А потом раздался звук, который Смотрящий на Луну распознать не мог — по той причине, что прозвучал он впервые в истории Земли. Это был лязг металла о камень.
Впервые Смотрящий на Луну увидел Новый Камень в слабом свете нарождающегося дня, когда повел свою стаю на утренний водопой. Он почти забыл о всех ночных страхах — ведь после того необычайного звука ничего не случилось — и потому новый странный предмет не вызвал у него ни страха, ни ощущения опасности. Да в нем и не было ничего страшного. Это была прямоугольная глыба раза в три выше Смотрящего, но узкая настолько, что, разведя руки, он мог коснуться ее краев, и состояла она из какого — то совершенно прозрачного вещества. Собственно говоря, ее не так — то просто было и увидеть, если бы восходящее солнце не отражалось в ее гранях. Смотрящий на Луну никогда не видел ни льда, ни даже чистой, прозрачной воды, и ему не с чем было сравнить этот предмет. Но он был, право же, красив, и хотя Смотрящий благоразумно остерегался всего нового, он без долгих колебаний приблизился бочком к Новому Камню. Убедившись, что с ним ничего не случилось, он протянул руку и ощутил холодную твердую поверхность.

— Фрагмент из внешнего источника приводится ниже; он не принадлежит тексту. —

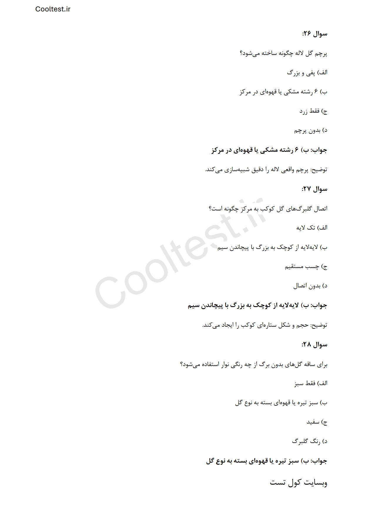 سوالات اتصال بخش ها، پرچم، ساقه و پایه گل
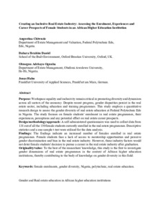Creating an inclusive real estate industry: assessing the enrolment, experiences and career prospects of female students in an African higher education institution.
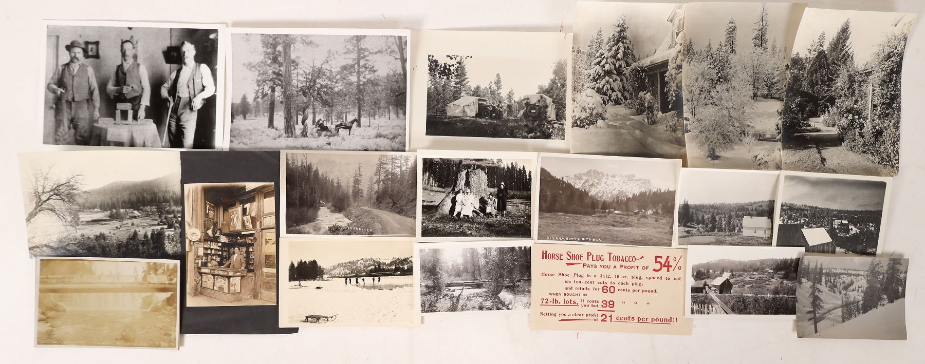 A collection of 5"x 7" and 4"x 5" photos showing various shots of Sierra County. There's also a posed photo of mine operators with five gold bars mined from the area. Also family camping trips. Please see photos for more details. California Sierra County 1900s
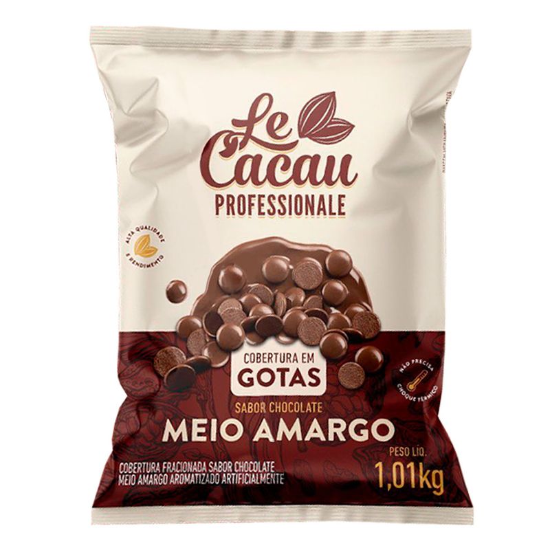 Cobertura fracionada em gotas sabor chocolate meio amargo. Ideal para uso culinário e preparo de diferentes receitas. Não é necessário choque térmico. Fácil, prático e gostoso.
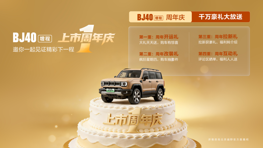4月7日,北京越野于北京越涯庄举办BJ40增程上市周年庆主题直播,通过6小时直播发布车型上市一周年核心成绩,并推出四重购车豪礼及叠加置换、金融政策,进一步加码用户权益。
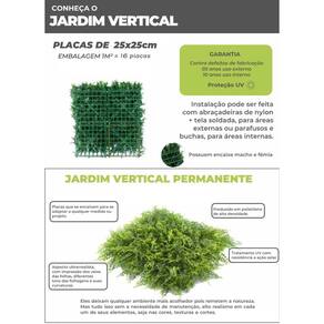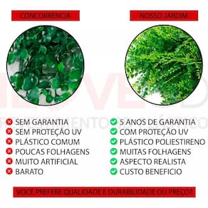 Kit 10 Placa Revestimento Parede Quadro Jardim Vertical Renove seu espaço com o Jardim Vertical Único com Proteção UV Peças 25x25cm, ideais para interiores e exteriores. Garantimos cores vibrantes sem desbotar. Possuem moldura ultra-flexível com conectores de intertravamento que facilitam a instalação - é só encaixar um painel no outro para montar lindos ambientes Os painéis verdes tem excelente durabilidade em ambientes externos por serem resistentes a variações climáticas. Também, não precisam de manutenção poda e irrigação . Material: Polietileno de Alta Densidade Dimensão da Placa: 25cm x 25cm Quantidade por Embalagem: 10 placa de 25cm x 25cm Uso: Interno e Externo Instalação: Abraçadeira Nylon Qualidade superior: Plantas permanentes que imitam perfeitamente as naturais, mantendo o visual fresco o ano todo. Durabilidade incrível: Superior a 10 e oferecemos 5 anos de de fábrica para áreas externas e 10 anos para internas. Proteção UV: Cores vibrantes que não desbotam, ideais para áreas internas e externas. Manutenção fácil: Sem necessidade de rega ou poda. Versatilidade: Fácil de instalar em qualquer superfície, adaptável a diversos ambientes. Sustentabilidade: Feito com materiais recicláveis e duráveis, uma escolha ecológica. Moldura ultra-flexível: Conectores de intertravamento para uma montagem simples e rápida. Fazem o encaixe perfeito uma na outra. Quantas placas preciso para cobrir 1m Resposta: Será necessario 16 placas para preencher a metragem de 1m. Como é feito a instalações Resposta: A instalação é feita com Abraçadeira de Nylon ou parafusos. Pode ser instalado na área externa Resposta: Sim, pode ser instalado na área interna e externa; A cobre quanto tempo Resposta: A cobre 5 anos para área externa e 10 anos para área interna porém a durabilidade é superior. Somos a Lujp Decorações, apaixonados por revestimentos e elementos 3D. Criamos ambientes únicos e inspiradores com foco na qualidade. Oferecemos uma variedade de produtos e serviços para transformar espaços e surpreender nossos clientes.
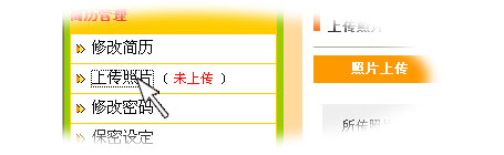 注冊(cè)成功后系統(tǒng)會(huì)自動(dòng)跳轉(zhuǎn)到個(gè)人管理頁(yè)面,點(diǎn)擊“上傳照片”,上傳不大于100KB的照片,這樣更容易讓招聘企業(yè)青睞;

Несколько минут он напряженно размышлял и нашел блестящее объяснение. Конечно же, это камень; наверно, он вырос здесь за ночь. На Земле многое так появляется. Например, белые мягкие штуки, с виду похожие на речные голыши, тоже выскакивают из земли за время темноты. Правда, те штуки круглые и маленькие, а этот камень большой и граненый… Но ведь философы, более мудрые, чем Смотрящий на Луну, и пришедшие в мир позднее его, также готовы пренебречь фактами, не менее разительно противоречащими их теориям.

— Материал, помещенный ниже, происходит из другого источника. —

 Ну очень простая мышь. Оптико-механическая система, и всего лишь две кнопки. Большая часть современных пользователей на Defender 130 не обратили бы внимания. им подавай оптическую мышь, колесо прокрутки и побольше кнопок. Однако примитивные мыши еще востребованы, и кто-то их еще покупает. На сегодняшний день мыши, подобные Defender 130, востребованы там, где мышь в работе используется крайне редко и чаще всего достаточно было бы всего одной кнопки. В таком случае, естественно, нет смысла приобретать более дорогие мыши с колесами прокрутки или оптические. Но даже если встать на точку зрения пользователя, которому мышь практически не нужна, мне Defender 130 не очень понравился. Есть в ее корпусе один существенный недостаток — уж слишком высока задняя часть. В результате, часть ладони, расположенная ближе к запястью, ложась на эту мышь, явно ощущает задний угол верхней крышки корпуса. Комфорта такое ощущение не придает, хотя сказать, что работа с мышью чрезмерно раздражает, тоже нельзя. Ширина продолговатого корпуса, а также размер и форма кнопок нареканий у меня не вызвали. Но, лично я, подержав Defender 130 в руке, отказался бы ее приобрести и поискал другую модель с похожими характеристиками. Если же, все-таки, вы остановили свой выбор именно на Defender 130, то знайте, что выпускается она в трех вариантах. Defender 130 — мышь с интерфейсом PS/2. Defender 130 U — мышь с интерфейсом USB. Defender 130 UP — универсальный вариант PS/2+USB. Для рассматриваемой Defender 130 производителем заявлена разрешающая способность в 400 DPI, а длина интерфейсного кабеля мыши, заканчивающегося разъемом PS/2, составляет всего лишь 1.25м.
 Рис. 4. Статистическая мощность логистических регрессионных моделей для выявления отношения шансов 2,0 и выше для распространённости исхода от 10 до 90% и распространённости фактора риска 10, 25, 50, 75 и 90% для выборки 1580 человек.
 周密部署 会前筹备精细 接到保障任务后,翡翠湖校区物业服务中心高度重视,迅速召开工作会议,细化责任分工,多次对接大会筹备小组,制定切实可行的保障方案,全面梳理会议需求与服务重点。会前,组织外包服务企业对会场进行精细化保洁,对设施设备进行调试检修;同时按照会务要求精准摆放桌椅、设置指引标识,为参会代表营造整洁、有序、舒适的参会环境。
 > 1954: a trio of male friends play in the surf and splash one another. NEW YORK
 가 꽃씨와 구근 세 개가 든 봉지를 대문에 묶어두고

Применив эту поистине первоклассную методику абстрактного мышления. Смотрящий на Луну за какие-нибудь три — четыре минуты пришел к определенному выводу и немедленно подверг его проверке. Белые круглые мягкие «голыши» очень вкусны (правда, от некоторых можно сильно заболеть). Может быть, и этот, большой, тоже?.. Он несколько раз лизнул камень, попытался куснуть его и быстро разочаровался. Еды тут не было никакой — и Смотрящий, как и подобало рассудительному питекантропу, продолжил свой путь к реке и, занявшись очередной перебранкой с Другими, начисто позабыл о кристаллическом монолите.

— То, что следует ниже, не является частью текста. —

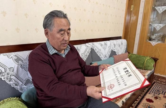 阿里木·哈德尔展示自己获得的中国“全国优秀党务工作者”荣誉证书。(图/中新网)
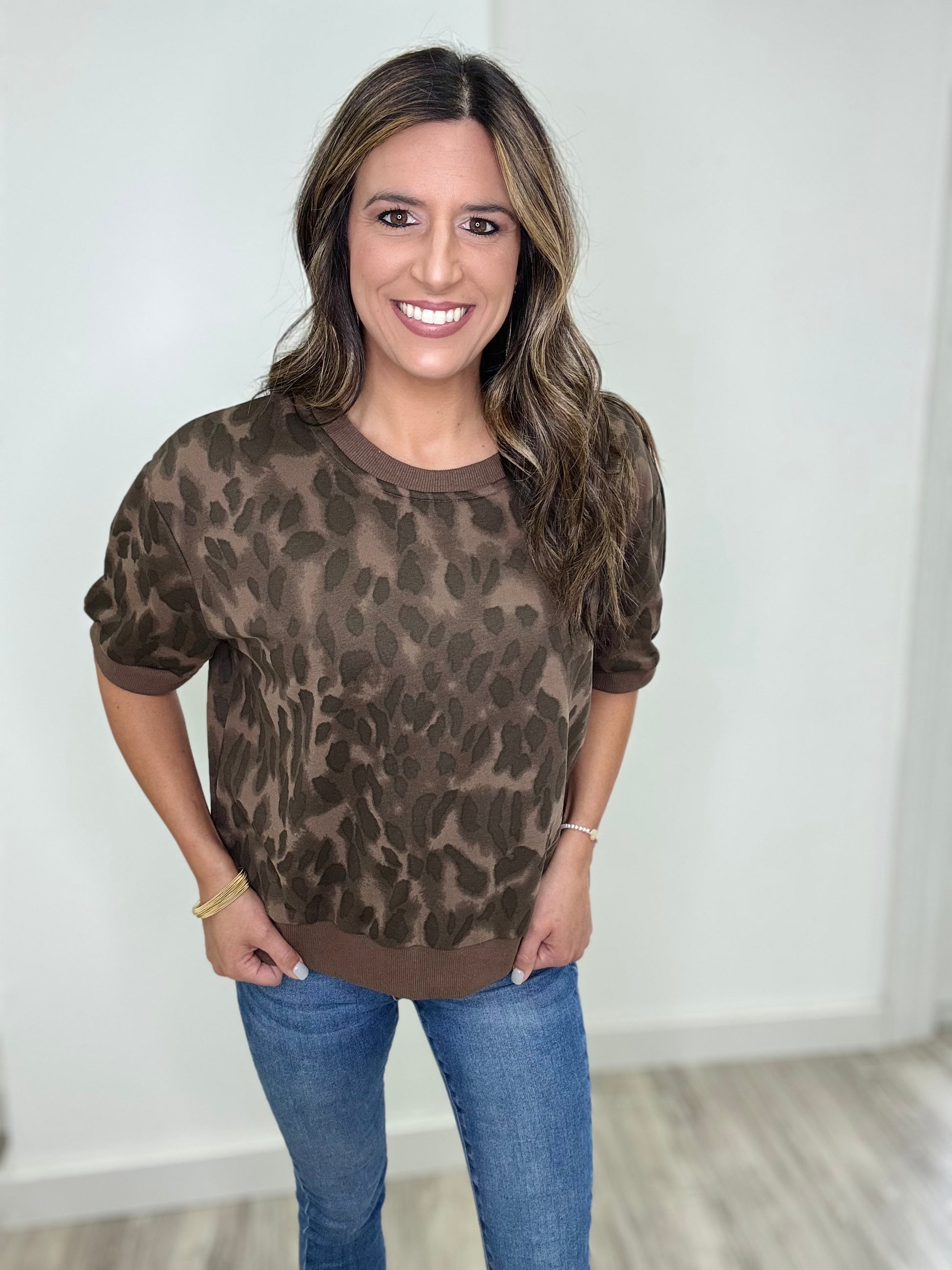 This playful leopard print top is a must-have for girls who love a wild touch to their wardrobe. Featuring a round neck and short sleeves, it’s accented with brown banded hems on the neckline, sleeves, and bottom for a stylish finish. Perfect for pairing with shorts or denim, it keeps things casual with sandals or sneakers but can easily be dressed up for the classroom. Embrace fun and comfort all day long!
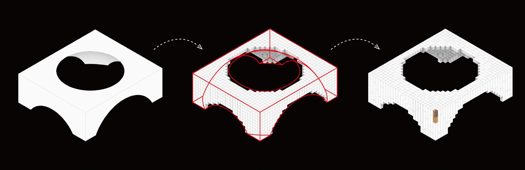 Building module blocks offer high flexibility and can be used for multiple design schemes. This means that when spatial needs or layouts (forms) change, the module blocks can be quickly disassembled and reassembled to create new spatial configurations or forms.
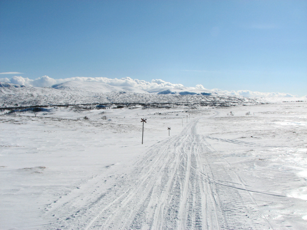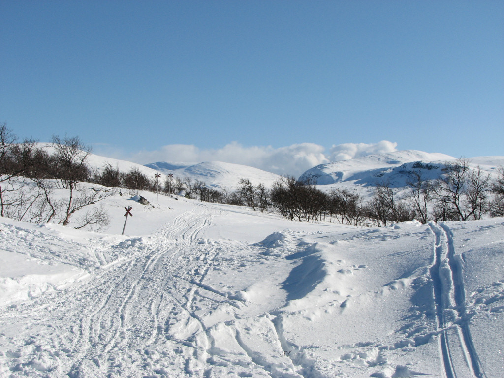 I passed one person immediately after entering the forest, where the track was so polished by frequent use that I found better grip on the side. At a short but steep slope a few kilometers later I caught up with four other skiers, whom I passed and then outran. The majority of the "polishers" seemed to have followed the branch to Kyrkstenen (Church Rock), so after that the track was better skiing-wise. Just after passing a mere I was overtaken without warning by a man and a dog travelling at high speed, but just ahead a pair with another dog going the opposite way caused some commotion before they could convince the canines to keep moving. There was some wind out on the large open mires before the trail split to Stensdalen, after which the track shrank noticeably.
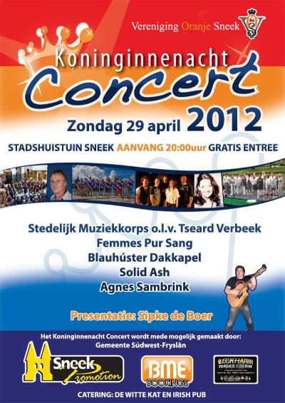 Op 29 april organiseert Vereniging Oranje Sneek, Gemeente Súdwest-Fryslân en Sneek Promotion i.s.m. BME Bookings en Eckhardt Professioneel voor de 9e keer in de Stadhuistuin te Sneek het traditionele Koninginnenacht Concert. Aanvang: 20:00 uur en vrij entree.
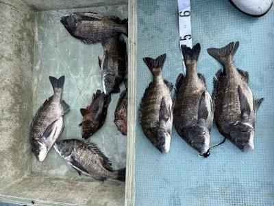 チヌ | 22〜38cm | 17匹 | 短竿 | シラサエビ |
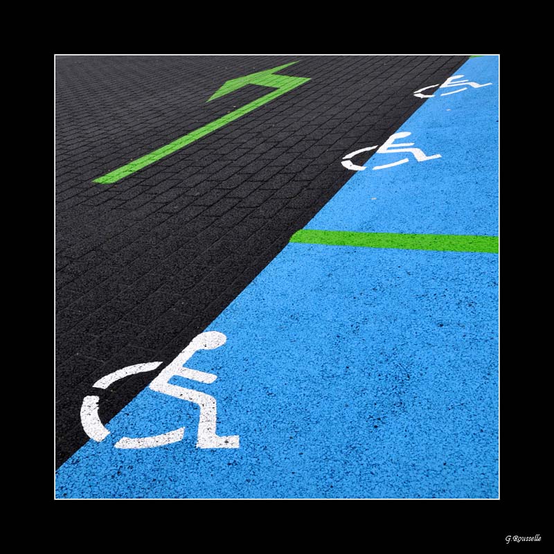 Flo , Stephane merci de votre passage et"critiques";),alors pour toutes mes photos de la série "Vues Basses" elles ne sont pas le fruit du hasard,je ne photographie pas tout ce qui est tracé ou effacé sur le sol sans que cela m’évoque quelque chose,quand je cadre quoique ce soit dans mon viseur c'est que cela m'inspire une idée,un ressentiment,un message,un souvenir,la vie ,la mort etc...... et donc toutes c'est photos ont un titre,et mon inspiré une certaine vision,en l’occurrence pour ces 2 photos ,la 1ere s’appelle "évitement" et la 2eme "embouteillage",et donc principalement pour cette 2eme("embouteillage") le positionnement de la flèche n'est pas le sujet de la photo,et n'est la que pour équilibrer l'ensemble ,alors que inversement dans la 1ere("évitement") la flèche a son importance.:P
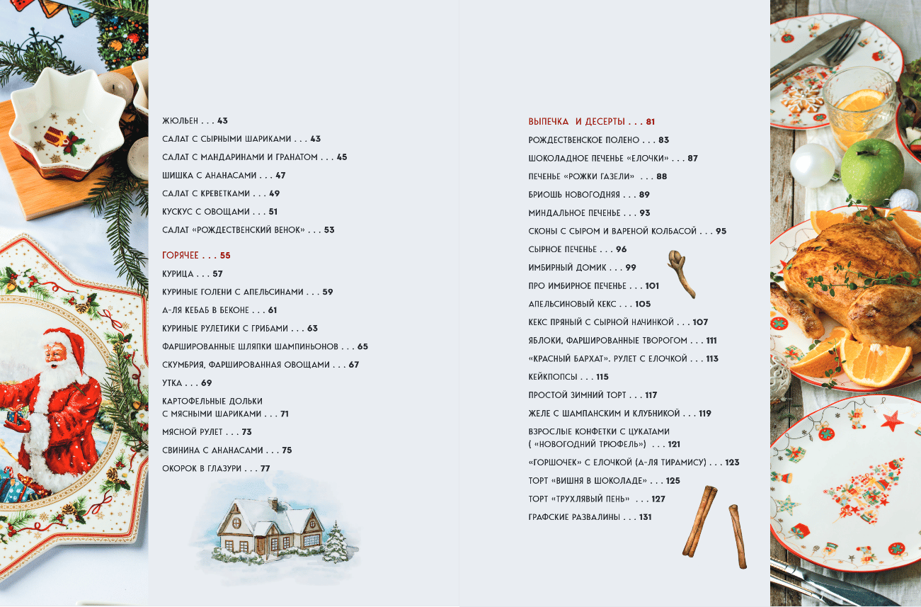 - И куда же без сладкого: «Красный бархат», рулет с елочкой, имбирный домик и миндальный штоллен.

На ближних пастбищах в этот день есть было совсем нечего, и, чтобы немного подкормиться, стае пришлось уйти километров за шесть — восемь от пещер. В час беспощадного полуденного зноя, от которого негде было укрыться, одна из самок послабее упала в обморок. Остальные окружили ее, постояли, сочувственно бормоча и щебеча, — но помочь ей никто не мог. Будь они менее истощены, они, пожалуй, унесли бы ее с собой, но у них просто не было избытка энергии для таких добрых дел. Волей — неволей ее оставили одну — пусть сама попробует выжить, если сумеет. Когда вечером, на обратном пути, они прошли мимо этого места, там не осталось даже костей.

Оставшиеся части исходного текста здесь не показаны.